My guess, and I'm by no means an expert, is that it's just an adjustment period for her. She isn't used to having to share resources (treats) and thinks she'd better hoard up what she can. To some degree, that's how the species is wired. I bet she'll get used to it if she doesn't get her way. Some behavioral perspectives I've read suggest that we humanize a lot of what dogs do when we use words like "resentment" to describe their motives, and that they're less complicated and more dependent on simple associative learning (e.g., behavior-consequence) than we are. I will say Rosie did something very, very strange to us, which is that the first time she was left briefly unattended in a basement room that's used as a guest room, she hopped on the bed and peed on it. Weird. We couldn't figure that one out other than that it's a part of the house she doesn't normally go in, and she didn't see it as a no-elimination zone.


----------



## fiona long (Feb 15, 2010)

no advice but something to cheer you up - my friends two children are called abby and chloe and to be honest dont sound too diffrent from the dogs hahaaa!


----------



## Mercutio (Jan 18, 2010)

As a matter of curiosity, what does Chloe do when Abbey throws her tantrums? Does she give up her treat or try to keep them? How do you actually give them their treats? Do they have to sit or anything or do you put them in separate bowls?

Is it possible that by trying to make Abbey feel special you might be accidentally encouraging her? I don't really know - it's just a thought.

Two of my friends moved in together both with grown dogs and it took ages (over a year) before they were all comfortable together so it might take awhile.

Keep at it, I'm sure you will find a way to all live together happily.


----------



## gunnr (Aug 14, 2009)

You need to intervene in the treat issue, even if it means no treats for awhile. Make sure that each dog gets it's treat, and the other doesn't steal it. You may even have to crate Abby and Chloe when the treats are given. You may also try smaller treats that can be readily eaten without having to break them up to chew them first.We also have two females, and one, Gunnr, is more dominant than the other, Tika. They are not allowed to take each others treats, end of story.
It's up to Abby and Chloe to determine their relative position on the social ladder, and other than an all out fight, you may just want let them work it out. Dogs understand who is above and below and don't harbor jealousy about it like a human would. For them it's normal, and it's actually healthier for them to establish their own position . Even though you are trying to treat Abby as #1. You will be better off in the long run ensuring that both are treated equally.
You are the "Top Dog", if you will, and both dogs have to understand and accept that on every level. In your social hierarchy it's healthier for both dogs to respect you as #1. If Chloe percieves your overt attention to Abby as submissive, she may interperet it as Abby being #1 and you being #2 and possibly try to place herself between you and Abby. In essence she will compete with you and not Abby.

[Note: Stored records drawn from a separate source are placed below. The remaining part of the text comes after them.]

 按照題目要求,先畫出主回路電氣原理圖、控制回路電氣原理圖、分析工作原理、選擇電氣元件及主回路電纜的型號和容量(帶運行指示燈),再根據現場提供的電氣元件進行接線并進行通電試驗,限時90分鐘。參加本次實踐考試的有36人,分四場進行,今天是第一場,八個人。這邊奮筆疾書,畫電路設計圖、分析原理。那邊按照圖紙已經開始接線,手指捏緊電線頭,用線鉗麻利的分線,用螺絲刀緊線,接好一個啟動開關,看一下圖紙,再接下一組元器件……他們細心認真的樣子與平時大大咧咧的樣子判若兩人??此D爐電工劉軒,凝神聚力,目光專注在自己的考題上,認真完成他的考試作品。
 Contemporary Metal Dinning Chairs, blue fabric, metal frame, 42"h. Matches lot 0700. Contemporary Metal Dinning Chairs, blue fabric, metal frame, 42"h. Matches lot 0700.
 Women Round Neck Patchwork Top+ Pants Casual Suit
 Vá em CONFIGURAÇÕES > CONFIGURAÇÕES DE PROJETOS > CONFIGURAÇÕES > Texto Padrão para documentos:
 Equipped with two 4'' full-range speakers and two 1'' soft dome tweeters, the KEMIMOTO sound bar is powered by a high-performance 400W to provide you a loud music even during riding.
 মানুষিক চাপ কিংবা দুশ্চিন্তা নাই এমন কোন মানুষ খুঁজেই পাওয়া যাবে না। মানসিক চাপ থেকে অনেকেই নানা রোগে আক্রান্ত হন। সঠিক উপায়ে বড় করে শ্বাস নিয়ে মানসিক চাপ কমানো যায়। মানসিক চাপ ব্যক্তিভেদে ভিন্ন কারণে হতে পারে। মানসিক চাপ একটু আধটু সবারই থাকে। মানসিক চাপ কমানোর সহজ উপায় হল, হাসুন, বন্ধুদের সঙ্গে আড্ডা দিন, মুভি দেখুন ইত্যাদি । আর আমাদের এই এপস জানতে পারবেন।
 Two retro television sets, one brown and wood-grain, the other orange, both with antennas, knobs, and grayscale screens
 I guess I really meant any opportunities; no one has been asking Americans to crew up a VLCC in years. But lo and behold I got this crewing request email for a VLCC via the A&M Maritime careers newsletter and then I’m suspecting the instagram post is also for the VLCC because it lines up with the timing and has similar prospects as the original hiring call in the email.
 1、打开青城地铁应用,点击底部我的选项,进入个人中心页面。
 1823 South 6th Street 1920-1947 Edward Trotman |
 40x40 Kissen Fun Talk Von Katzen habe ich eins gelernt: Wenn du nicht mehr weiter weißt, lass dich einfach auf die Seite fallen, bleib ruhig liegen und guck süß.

In Sarahf's post, she used the word "humanize" to describe some behavioral observations. The word Anthromorphism would be the same as humanize, in that we attribute human emotion and response to non human creatures. Dogs don't "get even" with malice or forethought, but they will act out, and experience emotional behaviors. ( This is validated by university studies, though anyone with a dog could have told them that dogs do have emotional responses, without a goverment funded study.) Both Abby, and eventually Chloe, may begin to act out negatively to gain attention.

It will take time for everyone to understand their roles, but you'll get there.


----------